CSE Insurance Group
- Industry: Insurance
- Founded: 1949; 77 years ago
- Headquarters: Walnut Creek, California
- Area served: Arizona California Colorado Idaho Nevada Oregon Utah Virginia Washington D.C.
- Products: Property insurance casualty insurance
- Parent: Covéa Insurance Group
- Website: cseinsurance.com

= CSE Insurance Group =

American insurance group

CSE Insurance Group, headquartered in Walnut Creek, California, is an American provider of property and casualty insurance. The company sells policies through the independent agent channel with roughly 700 agencies carrying their products, as well as through an online and phone direct marketing center.

==About==
Both channels market the products: homeowners, auto, landlords, boat, liability, commercial and umbrella insurance. Areas of operation include Arizona, California, Colorado, Idaho, Nevada, Oregon, Utah, Virginia, Washington and Washington, D.C.
CSE owns and markets a trademarked auto insurance product called SAVE (Savings Advantage by Vehicle) whereby drivers pay for the exact miles they drive during that year.

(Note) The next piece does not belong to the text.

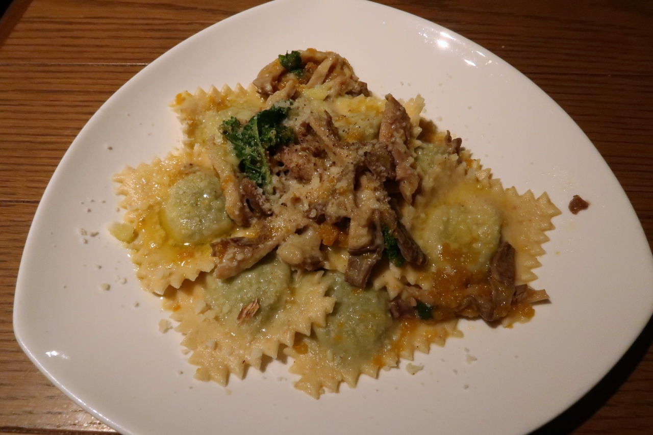 ●サルサヴェルデを詰めた全粒粉のラビオリとランンプレドット サルサヴェルデはイタリアンパセリの風味が弱いように感じましたがこんなものでしょうか。初めて食べるランプレドットはギアラの塩もつ煮込みといった趣。あっさりしており、臭みもなくなかなか美味しい。ただラビオリと合わせて相乗効果があったか今いち分からず。
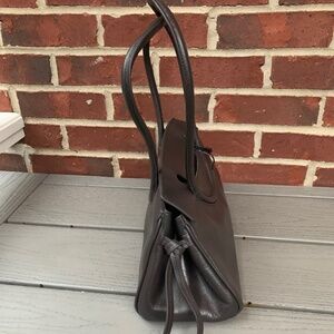 STAUD Maude Shoulder Bag! Features 100% cow leather outer, flap closure with STAUD logo, East/West silhouette, rolled shoulder straps, interior wall pocket, suede interior, expandable gussets with ties, flat base for stability and measures approximately 15" W x 5 1/2" H x 6 1/2" D, with an 8 3/4" strap drop. Excellent condition, no tags, as pictured, with minor marks/creases to leather from store handling as pictured. Dustbag included. Brown. Firm price!

The company is a subsidiary of the Covéa Insurance Group (Société de Groupe d'Assurance Mutuelle Covéa) headquartered in Paris, France.

==History==
CSE was founded in 1949 in San Francisco, California by Nelson Nichols. Originally, the company served only firefighters, police officers, postal workers and other government employees.

- In 1980, CSE extended its offerings to the general public.
- In 2009, CSE relocated from San Francisco, to Walnut Creek.
- In 2010 and 2011, CSE was included in Ward's 50 for top performing companies in the Property Casualty field.
A.M. Best Company has Given CSE Insurance Group a rating of A− (Excellent) and an issuer credit rating of A−.